There are many other resorts in NE (in the US) that you may like, my favs are the Newport RI  resorts.


----------



## nelljay1973 (Mar 30, 2008)

basham said:


> Janelle,
> 
> I'm an Aussie that lives in MA, you are SOOL (shi* out of luck) . I may have picked that term up here however.
> 
> ...



Other wise known as "buckleys chance in hell"....mmmmm off to investigate how far away Newport is.  What would I do without google maps and mapquest?


----------



## gorevs9 (Mar 30, 2008)

nelljay1973 said:


> I'm Planning on a trip to Six Flags New England in August and while we are yet to own a timeshare would love to rent if we could.  So are there any resorts in the area.



A couple in the nearby area are the Oak 'n Spruce Resort and The Ponds at Foxhollow.  These are approximately a one hour drive from Six Flags.  There are a few more in Western Massachusetts, but a bit farther from Six Flags.

For a timeshare purchase, unless you like to go to Six Flags every year.  You may want to check Maine, New Hampshire, and Vermont.  There are usually plenty of resales available.


nelljay1973 said:


> If there is this would be great and would fall into the "you should be able to drive to your home resort" theory as we are just a catferry trip away.


Just a short drive after an 11 hour ferry trip


----------



## gorevs9 (Mar 30, 2008)

nelljay1973 said:


> Other wise known as "buckleys chance in hell"....mmmmm off to investigate how far away Newport is.  What would I do without google maps and mapquest?


Newport is 3 hours from Portland Maine (more if you run into Boston traffic).  If you want to rent in Newport during the summer, be prepared to pay top dollar.  Newport is also a great place to buy.  I'd invest the money and buy a summer week.


----------



## SailBadtheSinner (Mar 30, 2008)

Here are the resort that I could easily find. The mileage is from MSN Maps. The closest one is Oak & Spruce at the west end ot the Mass Turnpike (Intersate 90) almost on the border with NY. so here's the list:

Wind in the Pines, 949 S. Main St., Great Barrington, MA 01230
53 miles
www.windinthepines.com
Phone 413-528-3840

Stonegate,  111 West Ave.  Great Barrington, MA 01230
Phone 413-528-9554

Marriott's Custom House,  3 McKinley Square,  Boston, MA 02109
 North America , USA
92 miles
www.marriott.com/hotels/travel/bosch-marriotts-custom-house/
Phone 1-617-310-6300

Country Village at Jiminy Peak, Corey Road,  Hancock, MA 01237
Phone 413-738-5500

Bentley Brook Mountain Club, Corey Road, Hancock, MA 01237
70 miles
www.fairfieldresorts.com
 Phone 413-738-8600

Oak 'N Spruce Resort, 190 Meadow St. , South Lee, MA 01260
44 miles
www.silverleafresorts.com
 Phone 413-243-3500

Vacation Village in the Berkshires, 276 Brodie Mountain Road, Hancock, MA 01237
www.dailymanagementresorts.com
Phone 413-738-2000

Water's Edge Resort and Spa,  1525 Boston Post Road,  Westbrook, CT 06498
71 miles
www.watersedgeresortandspa.com
Phone 860-399-5901

The easiest one to get to would be Marriott's Custom House, Boston; but you would be facing commuter traffic wherever you went. 

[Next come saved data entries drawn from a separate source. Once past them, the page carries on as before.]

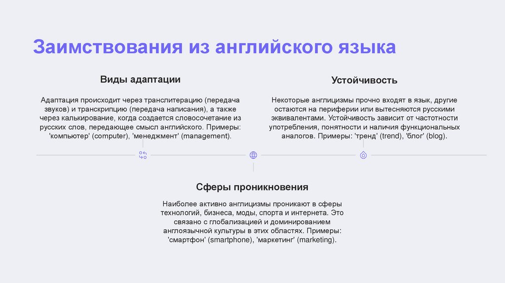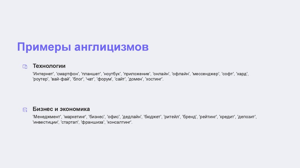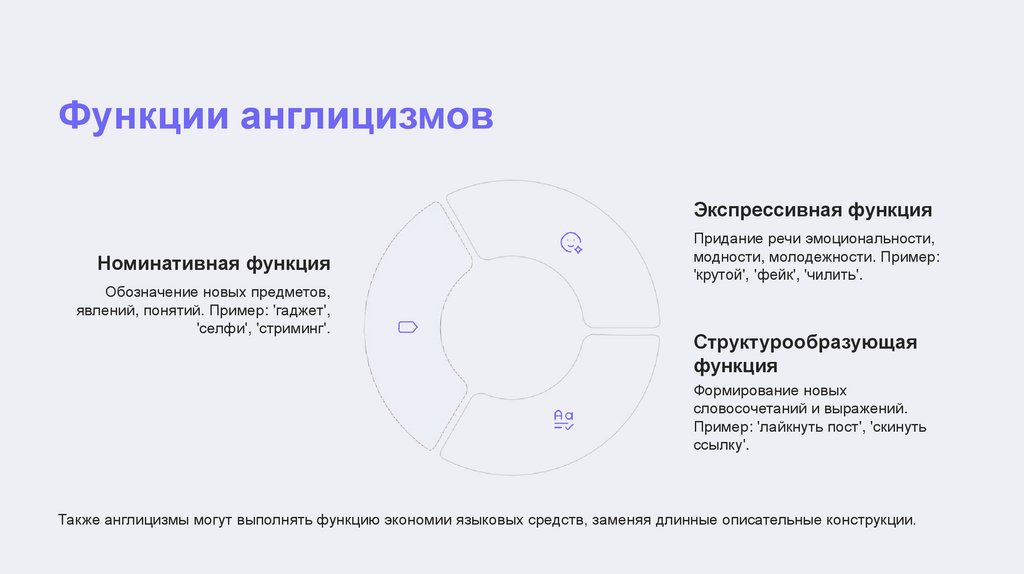 Также англицизмы могут выполнять функцию экономии языковых средств, заменяя длинные описательные конструкции.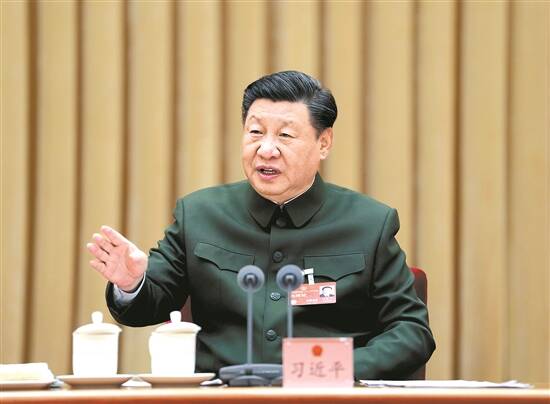 3月8日下午,中共中央总书记、国家主席、中央军委主席习近平出席十四届全国人大一次会议解放军和武警部队代表团全体会议并发表重要讲话 新华社发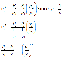 Therefore if we know the mass flow rate and initial conditions we can easilty find out the post shock conditions. These conditions are given by point of intersection of Hugoniot curve and the straighline drawn from initial conditions with slope equation given by eq. (8.2).

I live about 20 mile south of the park in CT, and there are plenty of motels/hotels in the surrounding area.

Should you have any questions (except about the park), just ask.

site: http://www.sixflags.com/newengland/



SBtS


----------



## nelljay1973 (Mar 30, 2008)

Thank you everyone for your replies, I will check them out.

This trip is getting bigger by the minute.  My Mum is coming over from Australia for a visit, been here twice before but never travelled seeing it involved the birth of my two kids...so who knows where we will end up...a resort that we could do day trips from is looking to be the best option.

Once again, thank you.


----------